▶ _Required action_
If an entry below holds a picture, leave the picture out and print the rest exactly.

▶ _Records drawn from a dataset_
------------------------------------------------------------

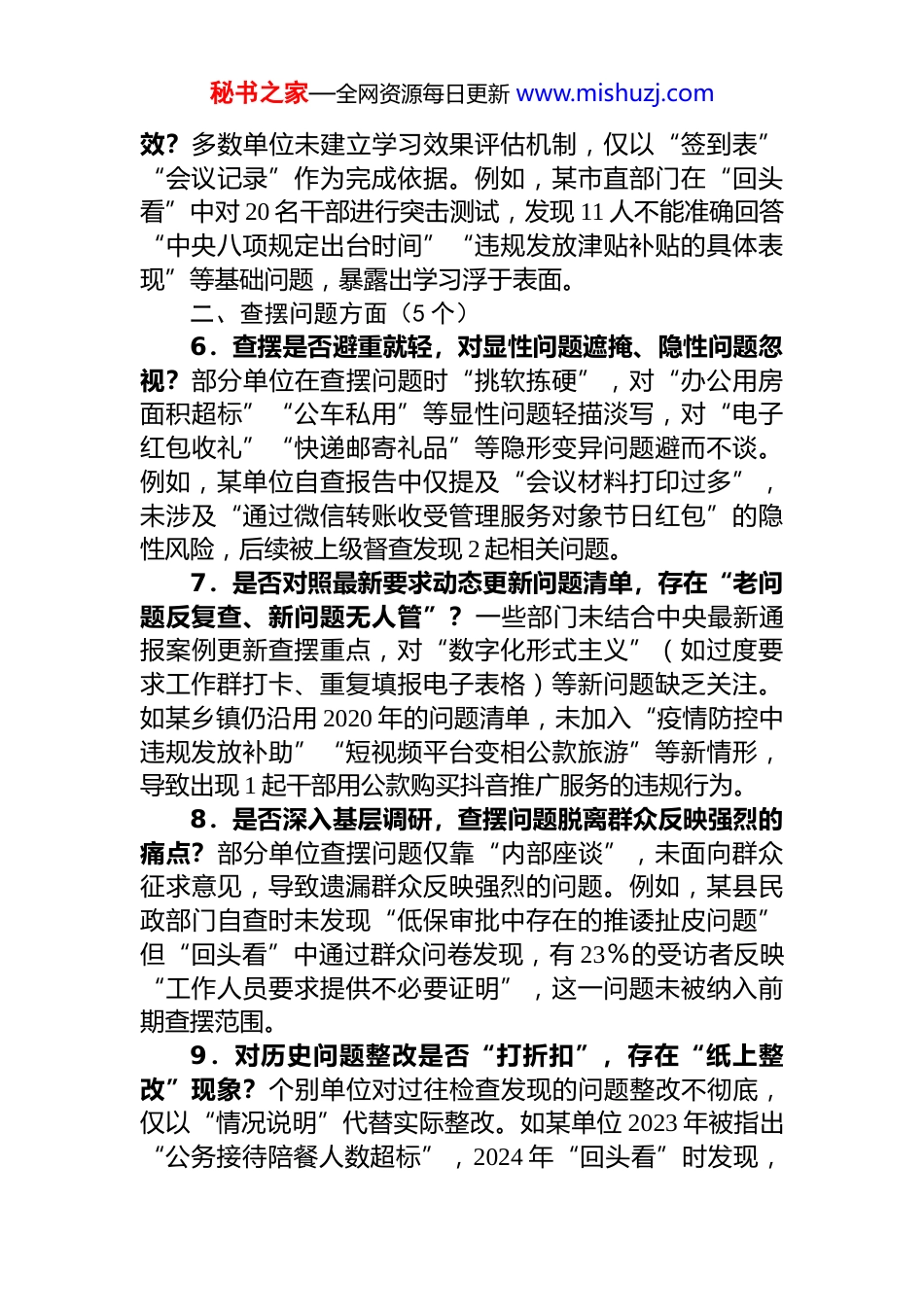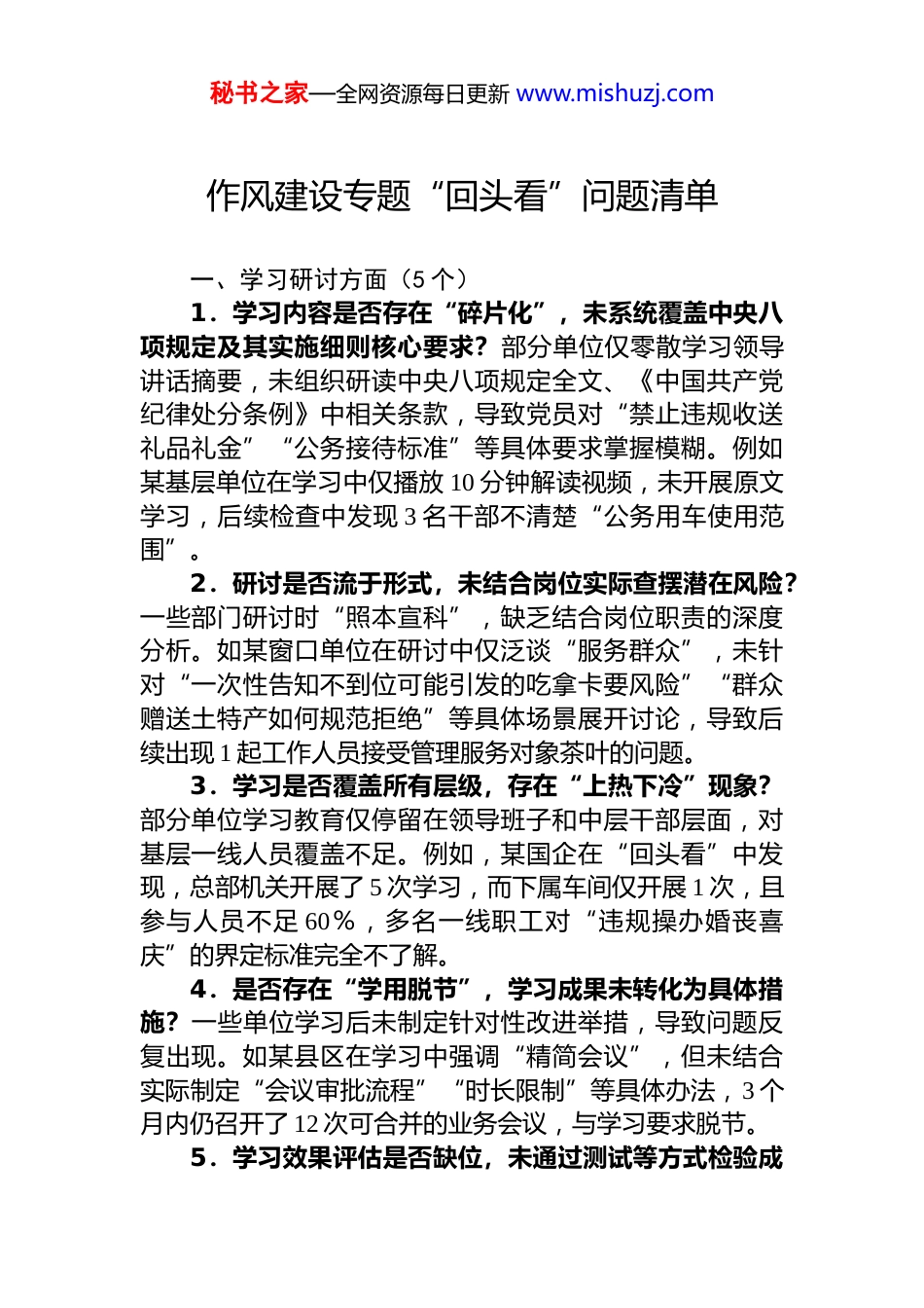 秘书之家—全网资源每日更新 www.mishuzj.com作风建设专题“回头看”问题清单一、学习研讨方面(5 个)1.学习内容是否存在“碎片化”,未系统覆盖中央八项规定及其实施细则核心要求?部分单位仅零散学习领导讲话摘要,未组织研读中央八项规定全文、《中国共产党纪律处分条例》中相关条款,导致党员对“禁止违规收送礼品礼金”“公务接待标准”等具体要求掌握模糊。例如某基层单位在学习中仅播放 10 分钟解读视频,未开展原文学习,后续检查中发现 3 名干部不清楚“公务用车使用范围”。2.研讨是否流于形式,未结合岗位实际查摆潜在风险?一些部门研讨时“照本宣科”,缺乏结合岗位职责的深度分析。如某窗口单位在研讨中仅泛谈“服务群众”,未针对“一次性告知不到位可能引发的吃拿卡要风险”“群众赠送土特产如何规范拒绝”等具体场景展开讨论,导致后续出现 1 起工作人员接受管理服务对象茶叶的问题。3.学习是否覆盖所有层级,存在“上热下冷”现象?部分单位学习教育仅停留在领导班子和中层干部层面,对基层一线人员覆盖不足。例如,某国企在“回头看”中发现,总部机关开展了 5 次学习,而下属车间仅开展 1 次,且参与人员不足 60%,多名一线职工对“违规操办婚丧喜庆”的界定标准完全不了解。4.是否存在“学用脱节”,学习成果未转化为具体措施?一些单位学习后未制定针对性改进举措,导致问题反复出现。如某县区在学习中强调“精简会议”,但未结合实际制定“会议审批流程”“时长限制”等具体办法,3 个月内仍召开了 12 次可合并的业务会议,与学习要求脱节。5.学习效果评估是否缺位,未通过测试等方式检验成秘书之家—全网资源每日更新 www.mishuzj.com效?多数单位未建立学习效果评估机制,仅以“签到表”“会议记录”作为完成依据。例如,某市直部门在“回头看”中对 20 名干部进行突击测试,发现 11 人不能准确回答“中央八项规定出台时间”“违规发放津贴补贴的具体表现”等基础问题,暴露出学习浮于表面。二、查摆问题方面(5 个)6.查摆是否避重就轻,对显性问题遮掩、隐性问题忽视?部分单位在查摆问题时“挑软拣硬”,对“办公用房面积超标”“公车私用”等显性问题轻描淡写,对“电子红包收礼”“快递邮寄礼品”等隐形变异问题避而不谈。例如,某单位自查报告中仅提及“会议材料打印过多”,未涉及“通过微信转账收受管理服务对象节日红包”的隐性风险,后续被上级督查发现 2 起相关问题。7.是否对照最新要求动态更新问题清单,存在“老问题反复查、新问题无人管”?一些部门未结合中央最新通报案例更新查摆重点,对“数字化形式主义”(如过度要求工作群打卡、重复填报电子表格)等新问题缺乏关注。如某乡镇仍沿用 2020 年的问题清单,未加入“疫情防控中违规发放补助”“短视频平台变相公款旅游”等新情形,导致出现 1 起干部用公款购买抖音推广服务的违规行为。8.是否深入基层调研,查摆问题脱离群众反映强烈的痛点?部分单位查摆问题仅靠“内部座谈”,未面向群众征求意见,导致遗漏群众反映强烈的问题。例如,某县民政部门自查时未发现“低保审批中存在的推诿扯皮问题”但“回头看”中通过群众问卷发现,有 23%的受访者反映“工作人员要求提供不必要证明”,这一问题未被纳入前期查摆范围。9.对历史问题整改是否“打折扣”,存在“纸上整改”现象?个别单位对过往检查发现的问题整改不彻底,仅以“情况说明”代替实际整改。如某单位 2023 年被指出“公务接待陪餐人数超标”,2024 年“回头看”时发现,秘书之家—全网资源每日更新 www.mishuzj.com该单位仅修订了制度,但未对相关责任人进行教育提醒,且 2024 年 1-5 月仍有 3 次陪餐人数超标的记录。10.是否存在“选择性查摆”,对“关键少数”监督缺位?一些部门查摆问题时侧重普通干部,对领导干部特别是“一把手”的监督存在盲区。例如,某局在自查中仅指出科员“加班餐超标”,未查摆局长“违规使用单位车辆回家探亲”“在私人会所接待客商”等问题,直到上级巡察时才被发现。三、组织领导方面(5 个)11.“第一责任人”是否切实履责,存在“甩...
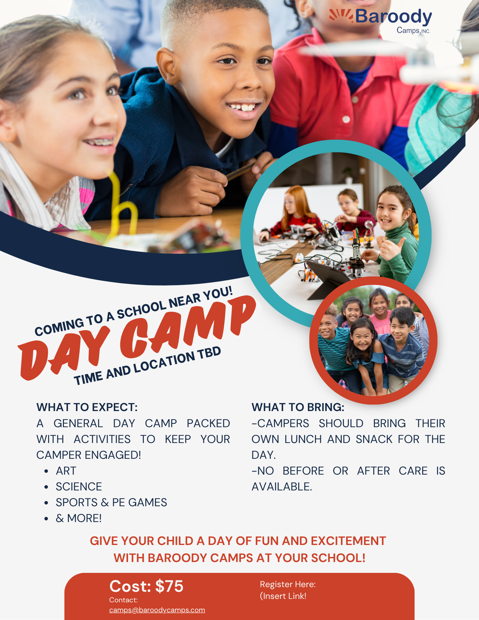 It’s time! 🎉 Registration for Baroody Camps’ enrichment at (School Name) is officially OPEN!
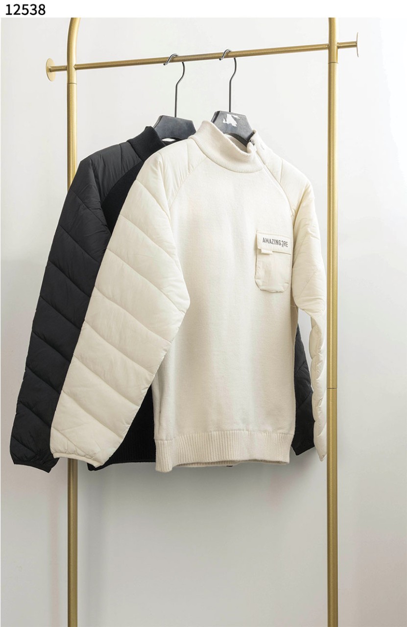 어메이징크리 [AMAZINGCRE] 남성 겨울 프리미엄 패딩니트 골프 티셔츠
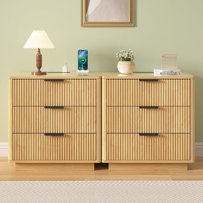 - 【Convenient Charging Station】Our fluted nightstand featuring a built-in charging station. Equipped with 2 USB ports and 2 AC power outlets, it ensures your devices are always charged and ready to go. The back panel includes a cable management hole, keeping your space neat and organized. This smart design not only saves time but also enhances the tidiness and comfort of the bedroom. It's the perfect companion for modern living.
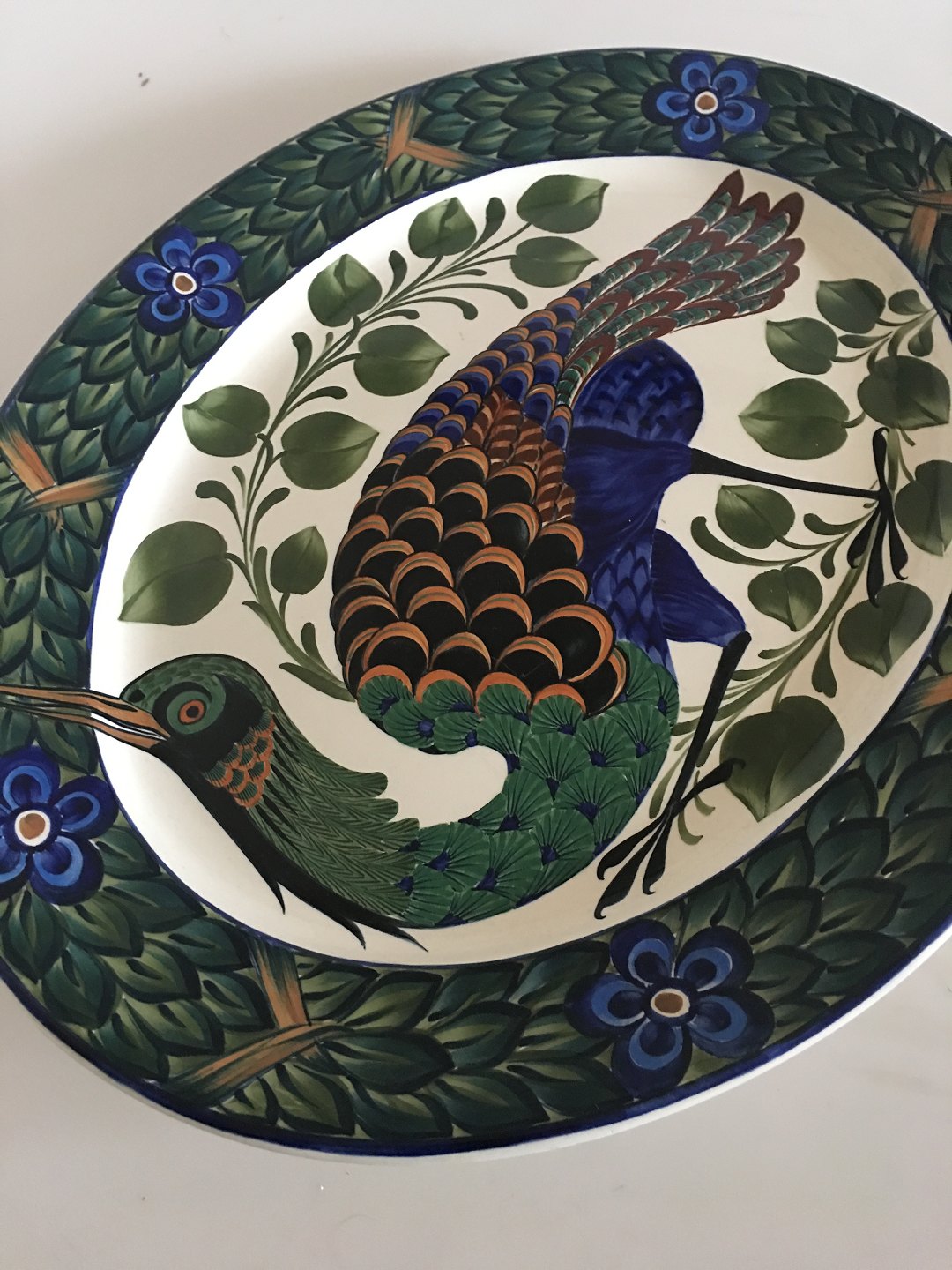 Aluminia Ovalt Fajance Fad No XIX med Påfugle Motiv Signeret. EN.M . Måler 52.5 x 42 cm. I flot stand uden skår, reparationer el. lignende.
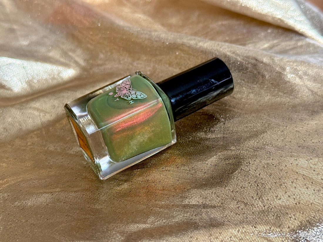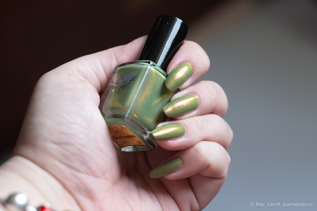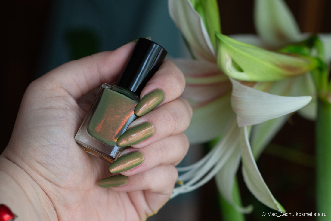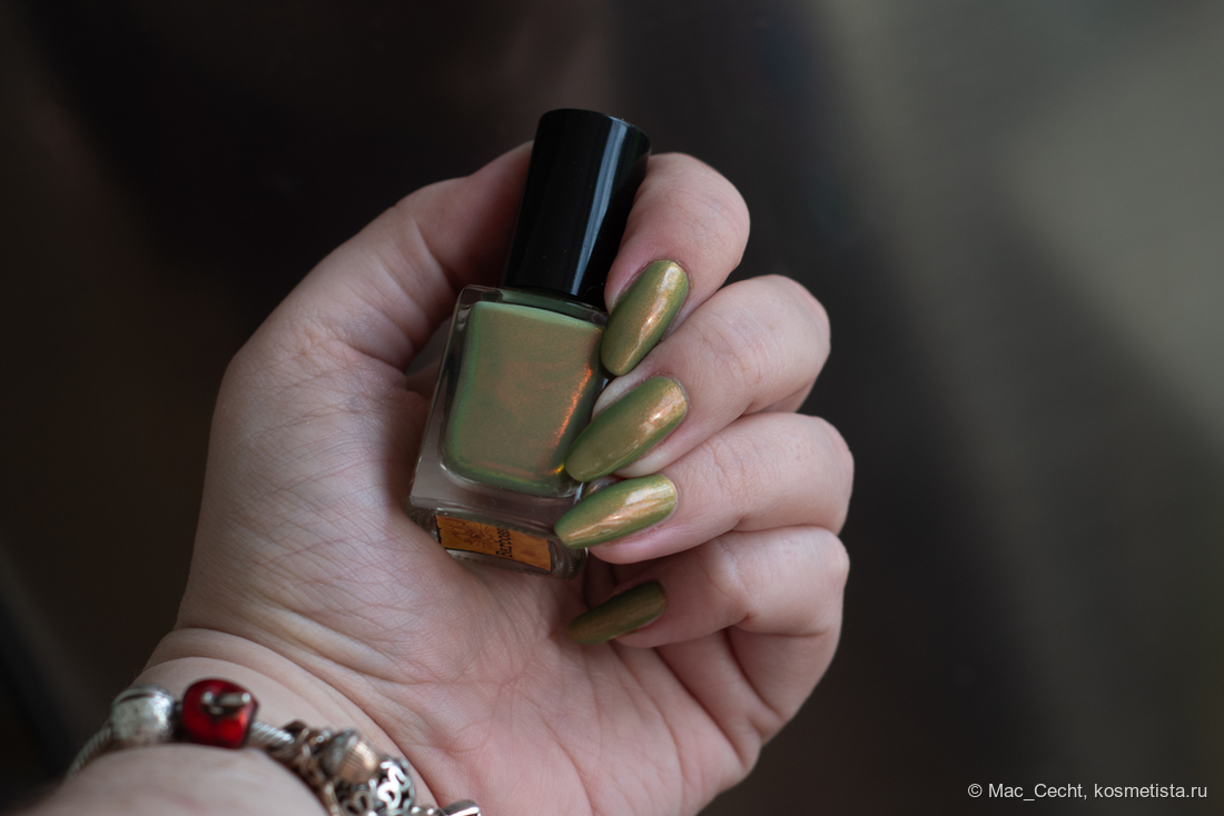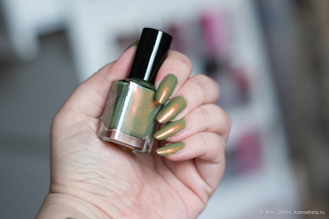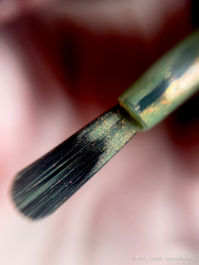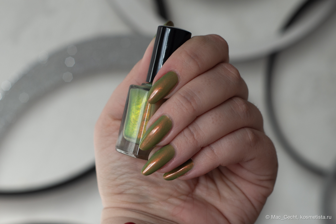 Шиммер оранжевый, мелкий. Заметен при дневном свете, дает отлив, но не всегда. На некоторых фото будет казаться даже, что лак просто зеленый, — так выглядит и в реальности.
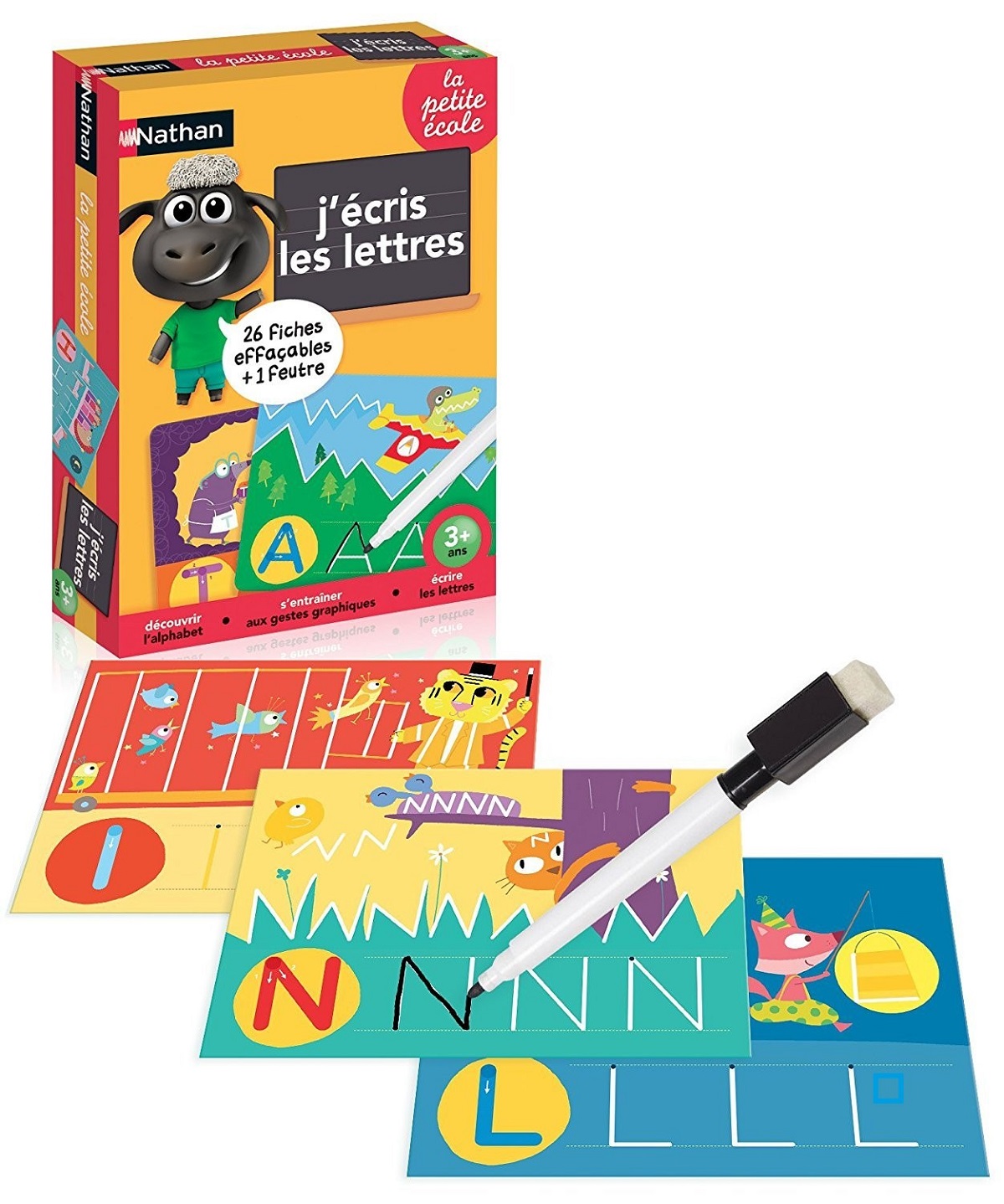 J'écris les lettres de Nathan est un premier jeu pour faire ses premiers pas vers l'écriture avec un apprentissage progressif. L'enfant intègre les gestes préparatoires à l'écriture avec les graphismes et écrit ses premières lettres sur les 13 planches effaçables et utilisables à l'infini. Au tota

------------------------------------------------------------

▶ _Completed exercise_
 秘书之家—全网资源每日更新 www.mishuzj.com作风建设专题“回头看”问题清单一、学习研讨方面(5 个)1.学习内容是否存在“碎片化”,未系统覆盖中央八项规定及其实施细则核心要求?部分单位仅零散学习领导讲话摘要,未组织研读中央八项规定全文、《中国共产党纪律处分条例》中相关条款,导致党员对“禁止违规收送礼品礼金”“公务接待标准”等具体要求掌握模糊。例如某基层单位在学习中仅播放 10 分钟解读视频,未开展原文学习,后续检查中发现 3 名干部不清楚“公务用车使用范围”。2.研讨是否流于形式,未结合岗位实际查摆潜在风险?一些部门研讨时“照本宣科”,缺乏结合岗位职责的深度分析。如某窗口单位在研讨中仅泛谈“服务群众”,未针对“一次性告知不到位可能引发的吃拿卡要风险”“群众赠送土特产如何规范拒绝”等具体场景展开讨论,导致后续出现 1 起工作人员接受管理服务对象茶叶的问题。3.学习是否覆盖所有层级,存在“上热下冷”现象?部分单位学习教育仅停留在领导班子和中层干部层面,对基层一线人员覆盖不足。例如,某国企在“回头看”中发现,总部机关开展了 5 次学习,而下属车间仅开展 1 次,且参与人员不足 60%,多名一线职工对“违规操办婚丧喜庆”的界定标准完全不了解。4.是否存在“学用脱节”,学习成果未转化为具体措施?一些单位学习后未制定针对性改进举措,导致问题反复出现。如某县区在学习中强调“精简会议”,但未结合实际制定“会议审批流程”“时长限制”等具体办法,3 个月内仍召开了 12 次可合并的业务会议,与学习要求脱节。5.学习效果评估是否缺位,未通过测试等方式检验成秘书之家—全网资源每日更新 www.mishuzj.com效?多数单位未建立学习效果评估机制,仅以“签到表”“会议记录”作为完成依据。例如,某市直部门在“回头看”中对 20 名干部进行突击测试,发现 11 人不能准确回答“中央八项规定出台时间”“违规发放津贴补贴的具体表现”等基础问题,暴露出学习浮于表面。二、查摆问题方面(5 个)6.查摆是否避重就轻,对显性问题遮掩、隐性问题忽视?部分单位在查摆问题时“挑软拣硬”,对“办公用房面积超标”“公车私用”等显性问题轻描淡写,对“电子红包收礼”“快递邮寄礼品”等隐形变异问题避而不谈。例如,某单位自查报告中仅提及“会议材料打印过多”,未涉及“通过微信转账收受管理服务对象节日红包”的隐性风险,后续被上级督查发现 2 起相关问题。7.是否对照最新要求动态更新问题清单,存在“老问题反复查、新问题无人管”?一些部门未结合中央最新通报案例更新查摆重点,对“数字化形式主义”(如过度要求工作群打卡、重复填报电子表格)等新问题缺乏关注。如某乡镇仍沿用 2020 年的问题清单,未加入“疫情防控中违规发放补助”“短视频平台变相公款旅游”等新情形,导致出现 1 起干部用公款购买抖音推广服务的违规行为。8.是否深入基层调研,查摆问题脱离群众反映强烈的痛点?部分单位查摆问题仅靠“内部座谈”,未面向群众征求意见,导致遗漏群众反映强烈的问题。例如,某县民政部门自查时未发现“低保审批中存在的推诿扯皮问题”但“回头看”中通过群众问卷发现,有 23%的受访者反映“工作人员要求提供不必要证明”,这一问题未被纳入前期查摆范围。9.对历史问题整改是否“打折扣”,存在“纸上整改”现象?个别单位对过往检查发现的问题整改不彻底,仅以“情况说明”代替实际整改。如某单位 2023 年被指出“公务接待陪餐人数超标”,2024 年“回头看”时发现,秘书之家—全网资源每日更新 www.mishuzj.com该单位仅修订了制度,但未对相关责任人进行教育提醒,且 2024 年 1-5 月仍有 3 次陪餐人数超标的记录。10.是否存在“选择性查摆”,对“关键少数”监督缺位?一些部门查摆问题时侧重普通干部,对领导干部特别是“一把手”的监督存在盲区。例如,某局在自查中仅指出科员“加班餐超标”,未查摆局长“违规使用单位车辆回家探亲”“在私人会所接待客商”等问题,直到上级巡察时才被发现。三、组织领导方面(5 个)11.“第一责任人”是否切实履责,存在“甩...
 It’s time! 🎉 Registration for Baroody Camps’ enrichment at (School Name) is officially OPEN!
 어메이징크리 [AMAZINGCRE] 남성 겨울 프리미엄 패딩니트 골프 티셔츠
 - 【Convenient Charging Station】Our fluted nightstand featuring a built-in charging station. Equipped with 2 USB ports and 2 AC power outlets, it ensures your devices are always charged and ready to go. The back panel includes a cable management hole, keeping your space neat and organized. This smart design not only saves time but also enhances the tidiness and comfort of the bedroom. It's the perfect companion for modern living.
 Aluminia Ovalt Fajance Fad No XIX med Påfugle Motiv Signeret. EN.M . Måler 52.5 x 42 cm. I flot stand uden skår, reparationer el. lignende.
 Шиммер оранжевый, мелкий. Заметен при дневном свете, дает отлив, но не всегда. На некоторых фото будет казаться даже, что лак просто зеленый, — так выглядит и в реальности.
 J'écris les lettres de Nathan est un premier jeu pour faire ses premiers pas vers l'écriture avec un apprentissage progressif. L'enfant intègre les gestes préparatoires à l'écriture avec les graphismes et écrit ses premières lettres sur les 13 planches effaçables et utilisables à l'infini. Au tota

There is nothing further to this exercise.